While one of the experts said that in a person "with the right immunologic makeup," the vaccine "could be an initial inciting injury" causing the condition, many of the experts advised the patient to receive another dose.
The patient might want to receive Johnson & Johnson's vaccine, which uses different technology than the Pfizer and Moderna messenger RNA shots, CISA said in the letter. "Support for this guidance included that it would avoid the lipid envelope and the mRNA presentation of the antigen to this patient," they wrote.
In another letter, dated Jan. 18, 2022, CISA experts also found no evidence for non-vaccine causes for the patient's condition, which appeared after Pfizer vaccination. But they repeated the claim that there was no definitive association between the vaccine and the condition, leading to an indeterminate designation.
CISA experts "strongly felt that the risk of COVID-19 infection was higher than the potential risk from another dose of vaccine," according to the letter, and recommended a second Pfizer dose.
In a third letter, dated May 23, 2022, CISA experts said the causality algorithm resulted in an indeterminate designation "due to lack of strong evidence against a causal association." They described a "very perplexing case" and acknowledged the patient's condition was "not understood."

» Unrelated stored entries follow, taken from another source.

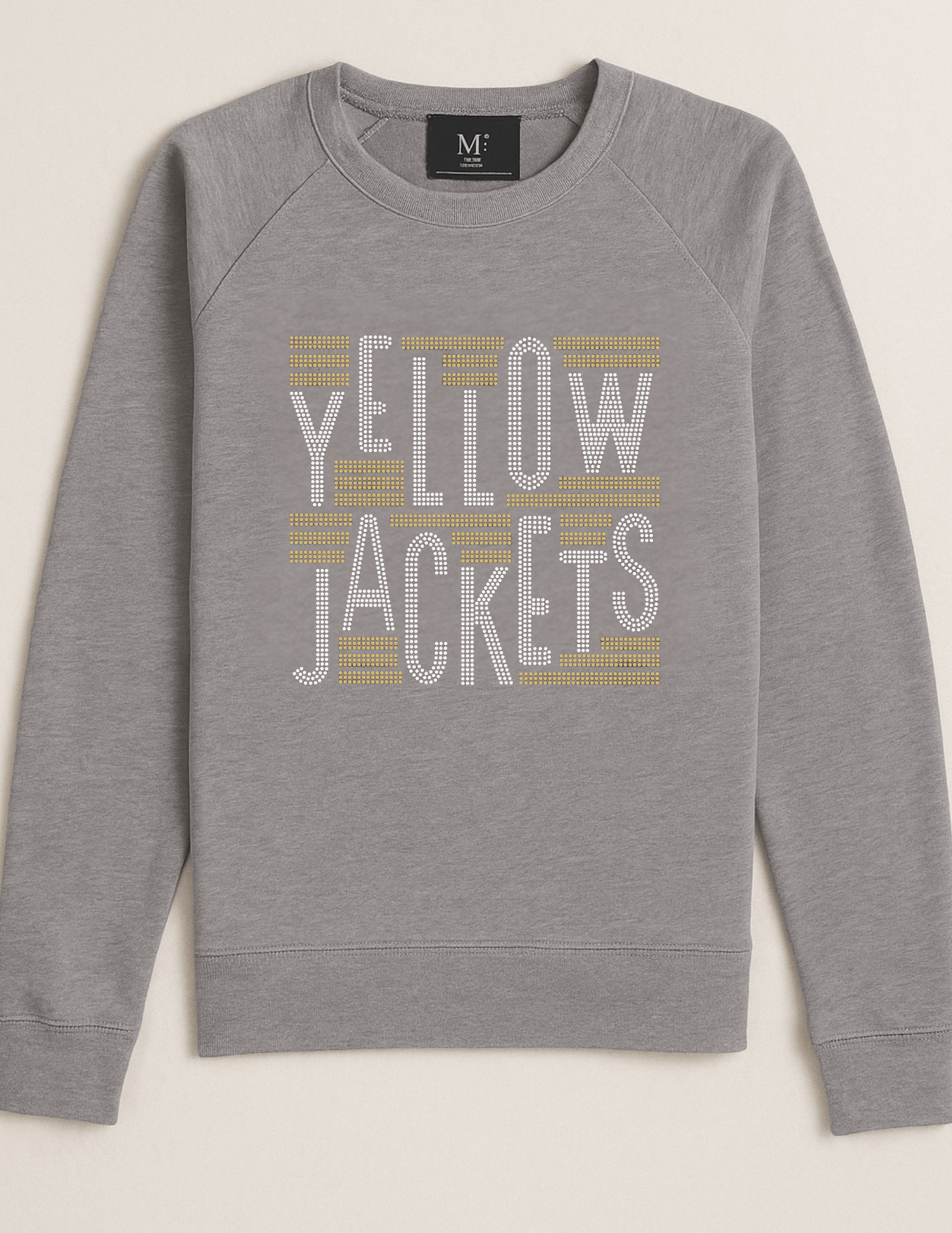 Show your team pride in style with our Yellow Jackets rhinestone sweatshirt. This cozy heather gray crewneck features bold, sparkling “YELLOW JACKETS” lettering in clear and gold rhinestones, creating a standout look that’s perfect for game days, campus strolls, or casual weekends. Crafted from soft, mid-weight fleece with ribbed cuffs and hem, it offers both comfort and a flattering fit. Whether you’re cheering from the stands or repping your school on the go, this design adds a touch of glam to your collegiate wardrobe.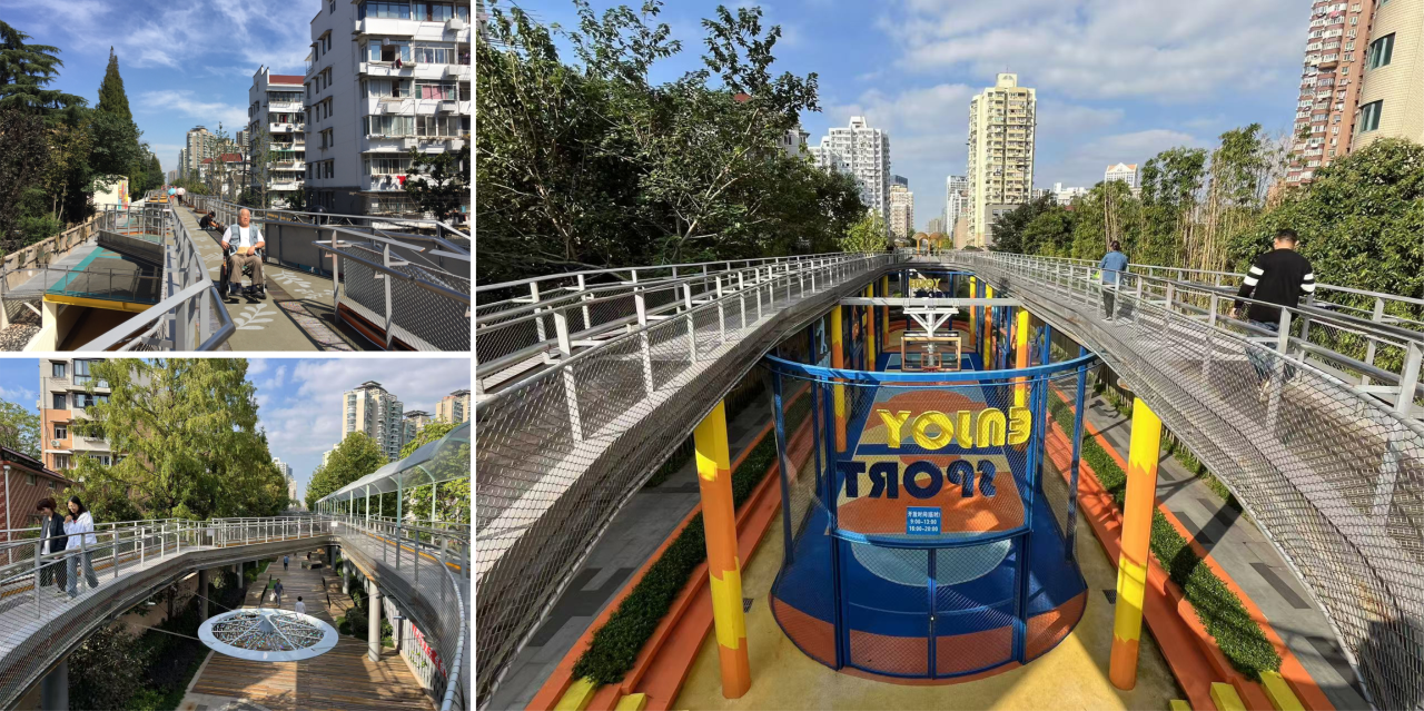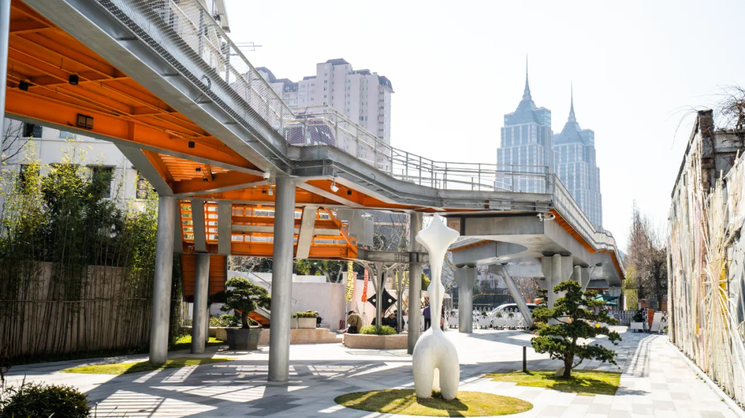 作为上海首座艺术高线公园,这里由废弃铁路焕新而来。公园精心规划了三层空间,包括下沉广场、地面步道和空中廊桥,每层皆具独特景致与体验。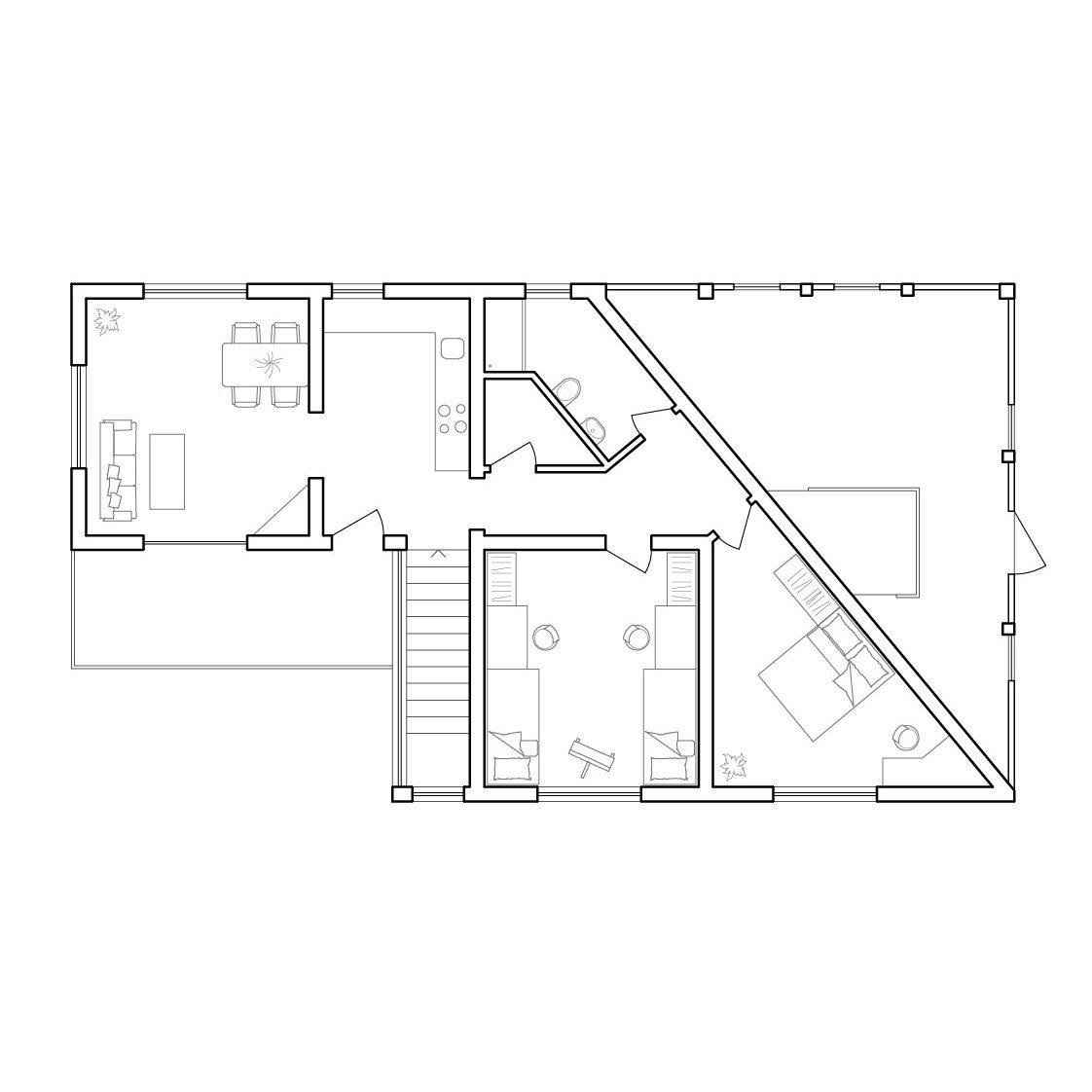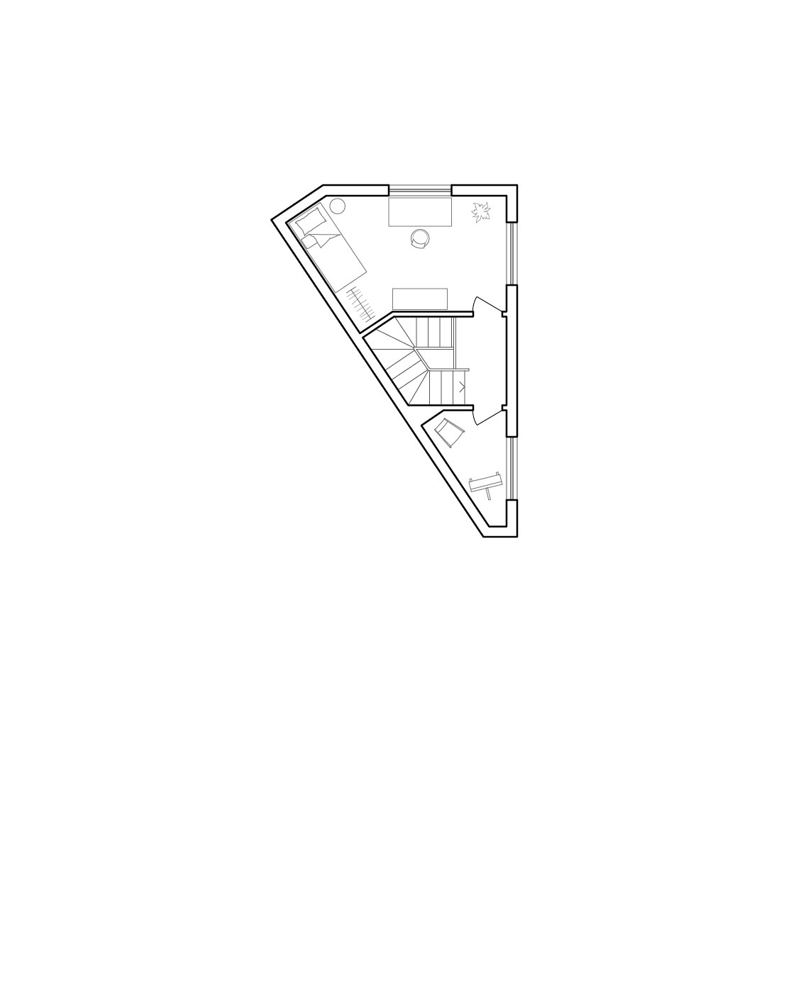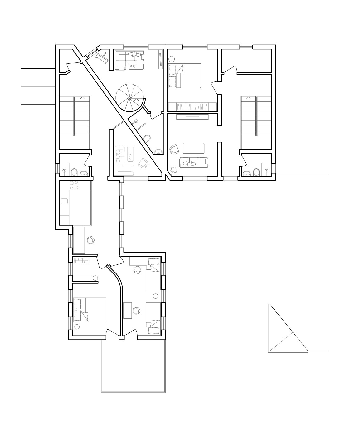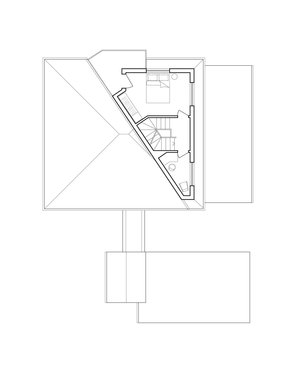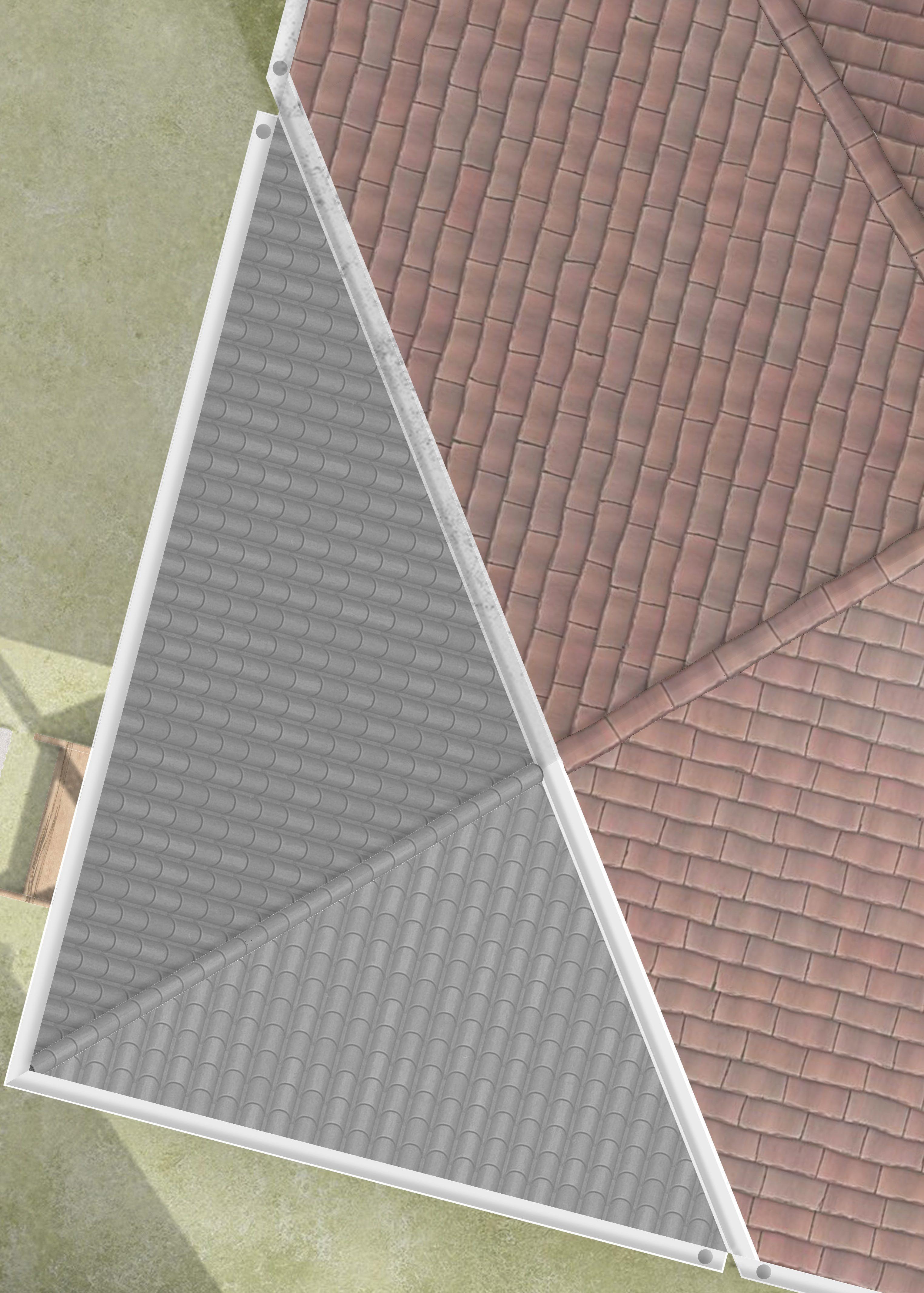 Was würde in einer Siedlung passieren, in der die Linie nicht an die bestehende Struktur angepasst ist, sondern rücksichtslos alles auf ihrem Weg durchschneidet, unter der Annahme, dass beide Seiten strikt unabhängig voneinander existieren, funktionieren und agieren? Wenn ich genauer darüber nachdenke, werden sogar die Häuser zu Opfern dieser Linie... Dennoch sollte ein solches Haus, obwohl es von der Linie betroffen ist, seine Qualität bewahren. Aber wie?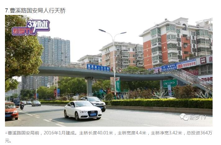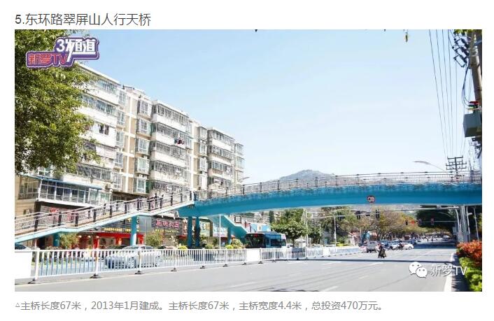 年來,市委、市政府加大市政基礎設施投入,大力推進人行天橋建設。截止2017年底中心城市共興建20余座人行天橋。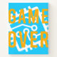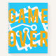This graphic boldly captures the phrase "GAME OVER" set against a vibrant blue background, intertwined with an abstract, circuit board-inspired design in white. The design's high-contrast, bold yellow letters grab attention, while the intricate circuit lines evoke the essence of digital technology and gaming. This visual interplay between text and circuitry not only appeals to gamers but also creatively symbolises the end of a digital journey or game. This image would be perfect for gaming related content, apparel, or even as a stylish poster for a gaming room.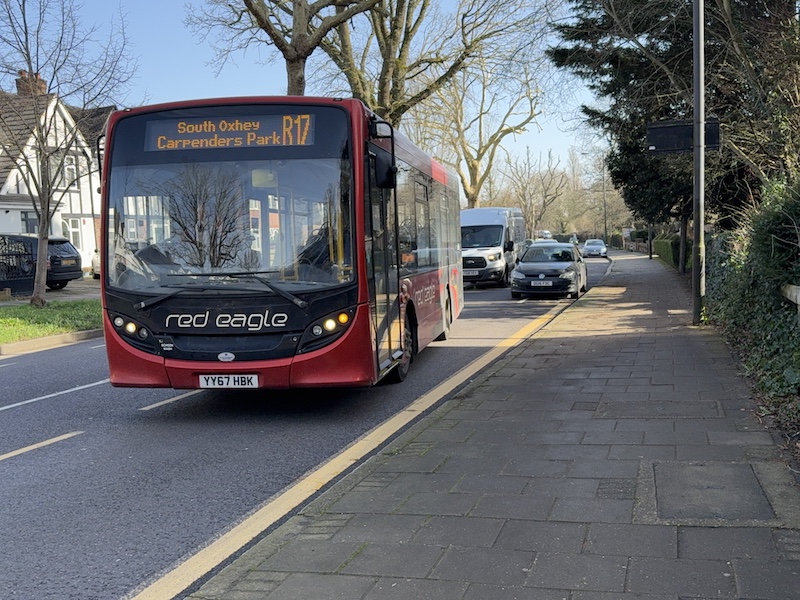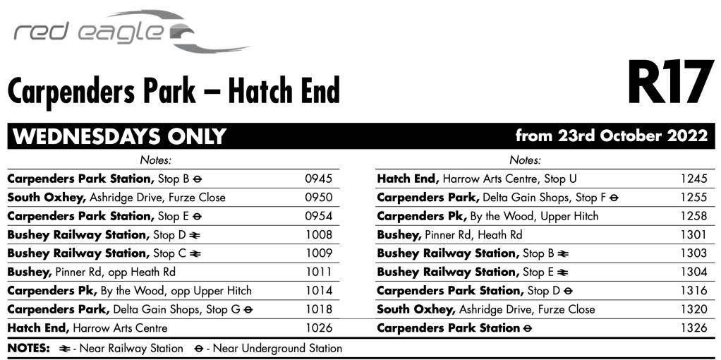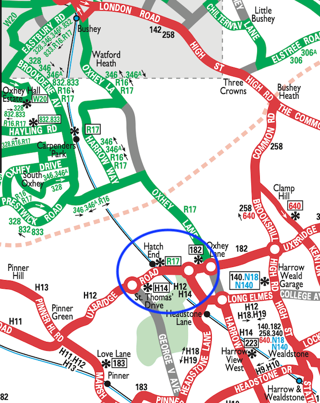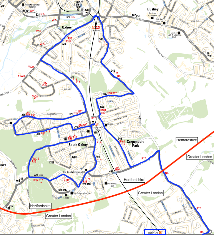 It’s the once a week, one return journey, route R17 that runs between Carpenders Park and Hatch End. And OK, I accept most of the route is in neighbouring Hertfordshire, but the southern terminus alongside Harrow Arts Centre in Hatch End is very much in Greater London and the route appears on TfL bus stops so I reckon it can be classified as a bus route in London. And it certainly qualifies as a ‘click bait’ blog headline.

But CISA experts still advised the patient, who suffered an event after a Pfizer dose and had also recovered from COVID-19, to receive another shot.
"This would be especially important in light of the current surge in circulating Omicron variants," they wrote.
Small Number of Causal Determinations
A small number of cases led to the determination that the vaccination caused an adverse event.
In six instances, CISA experts determined that the event was "consistent with causal association," or caused by the vaccination, because the condition suffered by each patient was "a known possible adverse event following immunization."
In all six cases, experts recommended against additional doses while advising the doctors caring for the patients to follow up with the patients to figure out which non-COVID vaccines the patients could safely receive.
CISA experts also advised against additional COVID-19 vaccine doses in five other cases. The designations in those cases were also indeterminate, making the differences between them and those that resulted in recommendations for future doses unclear apart from several involving people who had expressed opposition to receiving more shots.
In seven other cases, CISA experts said there were no contraindications, or no reasons for not receiving at least one additional dose. The CDC has maintained a short list that currently includes just two contraindications for the COVID-19 vaccines—a history of severe allergic shock or a history of a known diagnosed allergy to a component of one of the shots.
Patients with other conditions, such as heart inflammation after COVID-19 vaccination, are generally advised to avoid additional doses, the CDC says in the list. But that is only a "precaution," not a contraindication.
CISA also advised doctors of nine of the patients to reassess future COVID-19 vaccination down the road and, in two of the cases, told doctors that patients who had not yet received a COVID vaccine could receive one.